I recently had coffee with a new friend of mine.  Well, not actually coffee.  I hate the stuff – but we met at a coffee-serving establishment and I had my customary Coke Zero.  But, to the point, rather than a fairly standard and sundry introductory meeting, I was captivated by one of her key value points that she brings to her consulting clients.  She figures out the “why” for customers.  Why should customers buy my product?  Why must they?  Or, why would they not?

This question is immensely interesting to me.  I have, for years, been an evangelist of “Start with Why”, of the famous Golden Circle Ted Talk by Simon Sinek.  If you haven’t watched this video before, or recently, go do it.  It’s worth your time.  In fact, I’m listening to it now as I finish this post.

But, the format of the “why” question in this meeting was somewhat different, yet just as interesting.  The bottom line is this.  If you are really interested in understanding anything – I mean really interested, you need to ask “why” and also “how”?  Indeed, the Japanese have a belief that you don’t completely understand anyone’s point of view unless you ask “why” no less than 5 times.  Here’s a brief, yet insightful example.  

Now, what is startling, is how seldom we hear the question, “why”?  Think about any cocktail party, or a recent meeting.  Chances are you asked or were asked the who, what when and where, but not the “why?”  Maybe you made a connection, but maybe you didn’t.  But, when you ask “why”, or someone asks you why, that conversation immediately adds depth, and the beginnings of a relationship, and a real conversation start to form.  The reason is because the questions of who, what, when, where are urgent, but the question of “why” (and “how”) are the truly important ones.

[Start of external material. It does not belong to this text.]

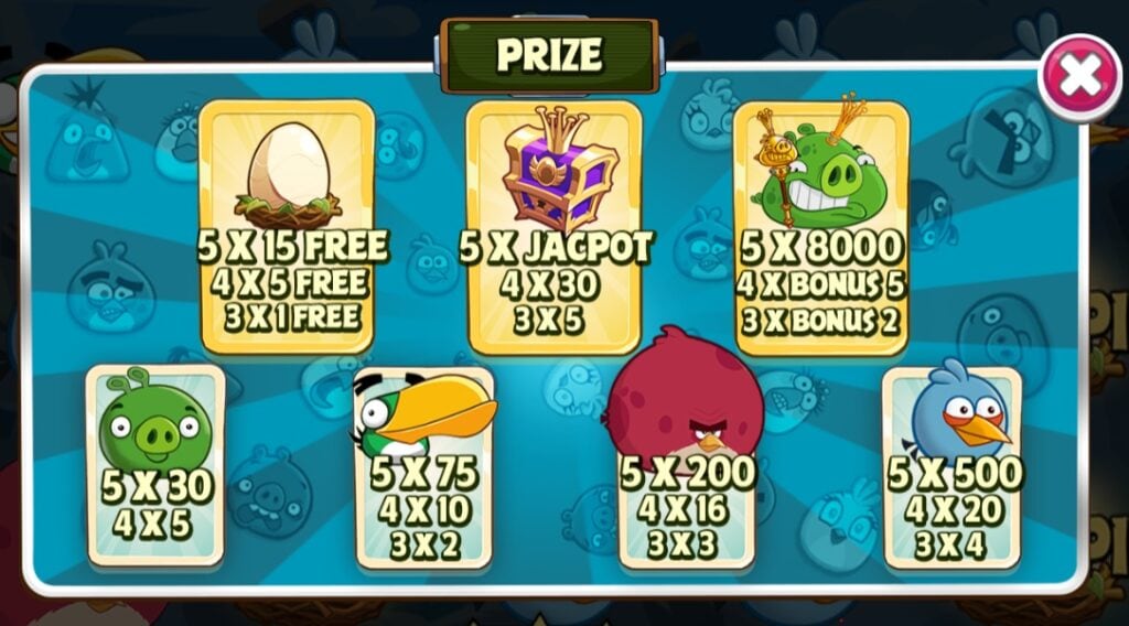 Các biểu tượng trong trò chơi bao gồm các loài chim khác nhau từ trò chơi Nổ hũ Angry Birds. Cùng với các trứng và vật phẩm khác. Mỗi biểu tượng có giá trị khác nhau và sẽ giúp cược thủ tham gia giành được số tiền thưởng hấp dẫn.

Asking “why” is critical to the appraisal of any business.  Take a set of financial forecasts or projections (there is an accounting difference between the two but in business vernacular they are interchangeable).  Financial projections can be the product of painstaking, detailed analysis, or the outcome of fantasy.  The way to tell this difference is to ask, “why?”.  Why will your customers not churn?  Why will new customers come to you?  Why will your sales force be effective?  Why will profit turn around in two years?  Why is your projected margin higher than that of your peers?  You learn so much from those questions – much more than who, what, when, where.

Take a more basic scenario – say you’re at a networking party and you meet an angel investor.  If your a founder of a tech startup, you are inclined to ask a) who are you? b) what kinds of companies do you invest in? c) where can I reach you?  d) when can I meet you?.  How often do you ask, “why do you invest in such risky companies?”  If you ask that question, (and some why’s after that) you will learn so much more about that person and her investment thesis than with the more mundane questions and you will accelerate the relationship, because asking “why” is a signal that you want a relationship – not just a transaction.  

If you’re talking to a sales prospect, asking “why” is often the difference between closing a sale (or receiving a definitive “no”) and endless prospect limbo.  Asking “why” enables you to learn what really matters to the customer, and then you can figure out how you can (or if you can’t) meet the customer’s fundamental need.

Please join me in becoming a why-vangelist.  Ask “why” as often as you can.  Ask “why” repetitively so you can probe more deeply. You will learn so much more than the superficial questions of who, what, when, and where.  Your relationships will be much more fulfilling (even personal ones).